When art is your life, how do you make a living?

Earthbound

Down the hall racquet balls snap against the walls, shouts of triumph and grunts of frustration echo, but in court No. 3, Ode to Joy barrels out of an iPhone speaker.

“You’re going to use your head as an initiation point,” Savannah Serban instructed from the far wall. “Then twist around.”

Charlotte Twitchell spun on one foot and wound her body like a cinnamon twist, whirly arms rotated around her. The once white bottoms of her socks were black from cleaning up dirt as she moved across the racquetball court.

“If that’s weird, don’t do it,” Savannah said.

“No I think I kind of get what you want,” Charlotte said. “Like a meltdown.”

To an untutored eye, the dancers were standing in a white-walled room leaping and twisting and – oh my, should bodies bend like that? The translation from the song to Savannah’s choreographic vision to Charlotte’s exhibition is just the beginning of what will hopefully be a statement, an art and a dance.

Charlotte is a solo dancer in Savannah’s senior independent project, an idea to combine technology and contemporary dance. The goal is for Charlotte to dance with her own shadow on a screen by the end of the project. “With the music?” Savannah asked.

Charlotte breathed deeply and squared her hands on her hips, an orchestra poured out of the speaker and she leapt into the dance.

•••

For most college students, senior year is a checklist of items in preparation for graduation. For the seniors in IU’s department of contemporary dance, the stakes are higher and the competition is rigid. While art classes are continually cut from schools across the nation and trips to the theater are less common, seniors in the contemporary dance program wrestle with finding meaning and a future.

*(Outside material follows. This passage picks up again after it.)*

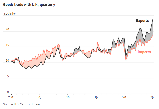 英国作为主要的北欧石油贸易中心,在2024年,美国向英国出口了约147亿美元的石油、天然气和各种矿物燃料,约占对英出口额的18%。

Charlotte was surrounded by seafoam green walls in a dance studio when she announced to everyone, and mostly herself, that she loved dance.

“I love dance,” she simply stated.

The class was a few exercises into their warm up, and the instructor looked at Charlotte.

“Good.”

After years of dance at the Erie Dance Conservatory in Pennsylvania, an audition and consequent wait listing from IU, Charlotte was in limbo. The letter came while she was Economics, and her mom texted the news. Accepted.

Four years later Charlotte is in limbo again. She is getting a Pilates certification and a massage therapy certification, two things she hopes they’ll provide some income while she dances.

She has plans to the end of July: teaching at home and an intensive study in Maine, but the dream is in Europe. Not starving and doing what she loves are also part of the vision, and like many dancers, achieving those goals means money spent and a job on the side.

“The reality is that a professional dancer does not have the income that an doctor or someone has,” Shea said. “Often our students have to get very creative in earning a living and we have to help them do that.” The seniors take a course called senior selection that helps determine what they’ll peruse after graduation. Most students will go on to do a combination of teaching, choreographing and performing. Others go on to physical or occupational therapy.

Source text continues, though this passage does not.